I installed VLC. But when tried a video, it wanted me to install Adobe flash. I guess this is safe, but my wife is reluctant to do that and I don’t appear to have it on my computer although I do play videos. I can’t even figure out whether it is on my computer or not. It is not in the list of programs I see from the start window.
MS Media player is a poor excuse for a video viewer, and is always behind the tech curve. I highly recommend you install VLC. If it requires Flash, install that, too. Flash files are about as common in the Internet as PDF, and if you can’t read those, you are missing a lot of what the Internet has to offer.
The only thing I’ve ever used since I had XP is Media Player Classic (MPC) with the codec packs Matroska and/or Community Codec Project (CCP). I pretty much only use a PC with XP or Vista for playing music and videos, and I like the way they operate. No luck with VLC or WinAmp for me – I like the simpler interface. That’s just IMO. FWIW I use FooBar as a front-end for converting files (audio) – it’s a neat program, but I wouldn’t use it as my main go-to.
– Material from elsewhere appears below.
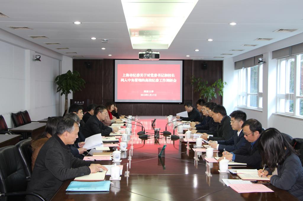 为贯彻落实中央纪委国家监委派驻机构改革的意见以及中央纪委关于党委书记和校长列入中央管理的高校纪检体制改革推进会精神,1月17日下午,上海市纪委副书记、监委副主任戴骅一行来校调研。校党委副书记、纪委书记方平、校纪委委员及相关部门负责同志参加了会议。

There is absolutely no reason to consider media player behind the times. It’s not what actually plays the files. It just uses codecs. In fact, what makes VLC special is that it doesn’t use codecs (at least, not by default).
And, yeah, I’m using codec in a nonstandard way. Those of you who noticed also know what I mean. The DirectX filters or whatever they are called that actually handled the decoding.